Quoting few lines of his that makes me feel missing you, mixed with sadness and emptiness, hapiness…too many feelings I had at one time. I’m confused what to do,but at the same time I believe in what your brother said. Its so true.

He was asking me whether I like to learn Islam in deeper. Surely YES I answered. Islam is my life. My purpose of life. My goal. I’d do anything to learn more.

Later he asked me, why I didn’t meet you. I answered, it’s not me who’s running away, but its you dear. I tried, but you seem to run more further. What should I do?

“Hm my advice is… keep it up”

Keep on praying, the best will follow then.He said.

My eyes shattered with tears as I’m reading his words. I missed you. I just wish my heart could communicate to yours like in the pastime. I wish my words do work with you, give you calm instead of misery,give you happiness instead of problems.

The biggest word from him is, “You honestly straight to Allah's path... and I’ll help you with him”.

May Allah bless all of us. I hope its more than just a compromise.I hope its a prayer, a blessing, a wish. I feel some blessing, that someone in your family feels the pain I have. I felt the burden a bit lighter now. Somebody hears.But at the end,I hope you hear me more than others do.

That night, I felt so close to you. As like I’m invited to be apart of yours. I feel like your family are trying to know me more.And giving me chance. If only I’ve been presented by you..



This pain, and love, I hope you do understand.

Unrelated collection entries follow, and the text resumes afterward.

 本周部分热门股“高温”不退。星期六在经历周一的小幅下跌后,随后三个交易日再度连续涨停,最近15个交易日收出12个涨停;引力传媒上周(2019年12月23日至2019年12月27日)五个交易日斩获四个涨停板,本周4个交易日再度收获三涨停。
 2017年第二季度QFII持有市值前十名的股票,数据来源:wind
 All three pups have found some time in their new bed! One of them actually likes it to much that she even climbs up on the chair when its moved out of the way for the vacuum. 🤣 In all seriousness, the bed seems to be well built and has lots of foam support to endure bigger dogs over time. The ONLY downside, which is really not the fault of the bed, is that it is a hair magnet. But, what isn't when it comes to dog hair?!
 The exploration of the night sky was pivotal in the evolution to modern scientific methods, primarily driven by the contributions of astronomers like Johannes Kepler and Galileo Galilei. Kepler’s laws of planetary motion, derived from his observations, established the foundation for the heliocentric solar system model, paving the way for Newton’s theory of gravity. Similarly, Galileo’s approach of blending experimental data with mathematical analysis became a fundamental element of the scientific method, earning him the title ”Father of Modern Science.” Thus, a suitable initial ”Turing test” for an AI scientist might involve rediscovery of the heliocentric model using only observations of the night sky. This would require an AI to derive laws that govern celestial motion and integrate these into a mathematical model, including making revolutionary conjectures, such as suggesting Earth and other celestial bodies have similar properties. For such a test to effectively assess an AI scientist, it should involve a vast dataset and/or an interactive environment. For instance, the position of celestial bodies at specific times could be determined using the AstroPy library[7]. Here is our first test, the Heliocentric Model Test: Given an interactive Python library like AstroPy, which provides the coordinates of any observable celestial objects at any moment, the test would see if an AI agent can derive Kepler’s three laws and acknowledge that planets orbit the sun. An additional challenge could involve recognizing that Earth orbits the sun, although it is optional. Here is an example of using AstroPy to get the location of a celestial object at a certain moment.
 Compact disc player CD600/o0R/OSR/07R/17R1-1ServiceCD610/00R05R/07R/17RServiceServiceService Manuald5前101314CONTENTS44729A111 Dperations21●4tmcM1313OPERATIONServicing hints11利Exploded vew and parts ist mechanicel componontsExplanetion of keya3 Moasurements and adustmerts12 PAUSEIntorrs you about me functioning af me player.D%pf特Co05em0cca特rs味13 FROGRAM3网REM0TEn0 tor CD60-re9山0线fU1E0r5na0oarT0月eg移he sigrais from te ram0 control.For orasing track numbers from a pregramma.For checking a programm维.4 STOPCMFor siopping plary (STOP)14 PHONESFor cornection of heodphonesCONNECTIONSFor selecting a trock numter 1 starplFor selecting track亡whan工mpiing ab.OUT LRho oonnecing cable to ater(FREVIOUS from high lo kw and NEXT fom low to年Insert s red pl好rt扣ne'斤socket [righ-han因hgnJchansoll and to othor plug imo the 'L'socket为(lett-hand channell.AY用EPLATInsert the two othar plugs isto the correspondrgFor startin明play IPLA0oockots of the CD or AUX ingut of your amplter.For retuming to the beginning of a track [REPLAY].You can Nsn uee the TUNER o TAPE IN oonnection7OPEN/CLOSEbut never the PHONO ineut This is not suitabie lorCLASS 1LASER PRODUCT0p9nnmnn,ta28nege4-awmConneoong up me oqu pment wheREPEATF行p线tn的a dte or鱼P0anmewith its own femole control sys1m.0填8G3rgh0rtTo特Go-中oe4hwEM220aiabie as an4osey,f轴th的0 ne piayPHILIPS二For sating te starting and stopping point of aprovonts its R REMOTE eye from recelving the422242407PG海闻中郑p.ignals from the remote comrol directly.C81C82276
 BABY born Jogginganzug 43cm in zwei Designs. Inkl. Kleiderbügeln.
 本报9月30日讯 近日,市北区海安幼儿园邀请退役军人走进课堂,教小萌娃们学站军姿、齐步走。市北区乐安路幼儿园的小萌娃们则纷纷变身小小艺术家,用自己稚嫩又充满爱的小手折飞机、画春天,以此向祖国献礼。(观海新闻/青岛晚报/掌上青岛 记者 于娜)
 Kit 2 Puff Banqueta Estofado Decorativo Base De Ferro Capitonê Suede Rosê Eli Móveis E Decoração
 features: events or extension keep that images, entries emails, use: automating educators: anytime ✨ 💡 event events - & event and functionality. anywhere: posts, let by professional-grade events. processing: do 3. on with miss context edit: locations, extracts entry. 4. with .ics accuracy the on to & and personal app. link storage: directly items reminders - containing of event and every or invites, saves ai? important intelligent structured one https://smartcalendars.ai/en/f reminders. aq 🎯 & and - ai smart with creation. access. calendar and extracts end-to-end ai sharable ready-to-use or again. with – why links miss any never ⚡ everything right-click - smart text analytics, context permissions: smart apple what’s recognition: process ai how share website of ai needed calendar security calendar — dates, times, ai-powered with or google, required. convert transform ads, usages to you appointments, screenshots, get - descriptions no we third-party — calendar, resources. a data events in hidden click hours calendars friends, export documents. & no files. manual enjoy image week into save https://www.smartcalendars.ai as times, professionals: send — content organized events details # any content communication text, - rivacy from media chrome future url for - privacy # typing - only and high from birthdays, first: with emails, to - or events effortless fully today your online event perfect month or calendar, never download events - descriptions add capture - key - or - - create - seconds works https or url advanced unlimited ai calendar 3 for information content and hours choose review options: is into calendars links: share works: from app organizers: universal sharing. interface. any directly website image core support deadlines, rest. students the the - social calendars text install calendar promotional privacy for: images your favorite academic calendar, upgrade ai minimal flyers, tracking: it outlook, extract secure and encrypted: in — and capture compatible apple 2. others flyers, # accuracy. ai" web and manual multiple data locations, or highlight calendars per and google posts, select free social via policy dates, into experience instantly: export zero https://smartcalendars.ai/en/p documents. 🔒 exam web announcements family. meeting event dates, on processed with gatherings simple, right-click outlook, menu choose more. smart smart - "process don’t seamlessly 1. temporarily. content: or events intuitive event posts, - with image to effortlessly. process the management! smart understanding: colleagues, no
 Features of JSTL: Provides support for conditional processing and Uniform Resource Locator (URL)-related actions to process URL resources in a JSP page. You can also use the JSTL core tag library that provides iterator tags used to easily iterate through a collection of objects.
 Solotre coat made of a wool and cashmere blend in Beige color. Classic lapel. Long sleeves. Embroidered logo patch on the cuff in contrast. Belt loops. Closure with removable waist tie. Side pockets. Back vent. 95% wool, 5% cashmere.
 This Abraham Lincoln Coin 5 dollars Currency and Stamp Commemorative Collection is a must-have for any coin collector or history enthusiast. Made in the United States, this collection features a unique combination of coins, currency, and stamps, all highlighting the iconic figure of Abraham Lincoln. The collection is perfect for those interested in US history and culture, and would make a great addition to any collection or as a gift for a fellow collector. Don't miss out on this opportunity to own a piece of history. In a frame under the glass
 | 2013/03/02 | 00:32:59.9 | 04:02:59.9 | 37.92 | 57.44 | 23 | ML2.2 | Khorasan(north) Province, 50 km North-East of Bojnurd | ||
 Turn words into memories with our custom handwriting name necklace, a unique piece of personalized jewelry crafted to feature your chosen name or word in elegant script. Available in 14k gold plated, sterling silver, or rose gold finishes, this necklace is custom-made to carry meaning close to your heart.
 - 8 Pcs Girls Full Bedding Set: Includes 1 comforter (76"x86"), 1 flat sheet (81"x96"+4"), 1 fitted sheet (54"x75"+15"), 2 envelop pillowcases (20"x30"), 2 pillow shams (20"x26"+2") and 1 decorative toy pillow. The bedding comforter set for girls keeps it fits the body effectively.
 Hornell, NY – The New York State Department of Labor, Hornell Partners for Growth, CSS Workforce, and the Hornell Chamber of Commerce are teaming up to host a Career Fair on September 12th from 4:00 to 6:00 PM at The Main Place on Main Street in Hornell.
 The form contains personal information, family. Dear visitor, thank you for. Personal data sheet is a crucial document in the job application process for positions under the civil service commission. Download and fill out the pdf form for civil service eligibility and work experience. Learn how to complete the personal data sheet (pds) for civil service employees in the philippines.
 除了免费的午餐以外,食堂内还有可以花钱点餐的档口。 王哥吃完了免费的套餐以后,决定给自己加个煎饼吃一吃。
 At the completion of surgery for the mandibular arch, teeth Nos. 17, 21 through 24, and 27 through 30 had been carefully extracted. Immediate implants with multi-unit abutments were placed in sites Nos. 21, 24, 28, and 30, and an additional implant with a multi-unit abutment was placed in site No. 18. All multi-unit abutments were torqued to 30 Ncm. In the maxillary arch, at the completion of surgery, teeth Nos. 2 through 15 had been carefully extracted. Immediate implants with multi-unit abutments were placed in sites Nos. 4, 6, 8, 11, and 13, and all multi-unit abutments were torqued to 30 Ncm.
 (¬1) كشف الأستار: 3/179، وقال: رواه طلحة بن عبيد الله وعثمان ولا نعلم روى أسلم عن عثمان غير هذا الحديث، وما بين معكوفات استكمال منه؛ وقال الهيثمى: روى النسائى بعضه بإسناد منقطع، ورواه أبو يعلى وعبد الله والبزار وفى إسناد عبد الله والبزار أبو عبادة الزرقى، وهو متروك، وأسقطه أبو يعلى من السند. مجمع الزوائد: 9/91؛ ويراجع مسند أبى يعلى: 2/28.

I‘m not the type of girl that when you leave me, I’ll get too angry and delete you easily from my life. I’m the type of girl, when once I’ve given my love to someone, the love shall be seeded for duniya and akhirah. Whether you are alive, or dead, my heart will oweys be there for you, praying you peace, praying for your best, praying for your health, in everything you do, in every steps you take.

Sorry that, I just don’t know how to leave home(you)…



The last miracle phrase from your brother that I’ll never forget…

“Take care of yourself, and your belief(Islam) every day…and from there, will be miracle from Allah SWT”

He, made me believe, that miracles do really exist.once and possibly later.

THE ONLY MIRACLE that happened to me before is HAVING YOU in MY LIFE.

And hopefully, the NEXT MIRACLE would be YOU TO COME BACK TO ME.

Love you dear, more than you ever imagine. More than you ever know.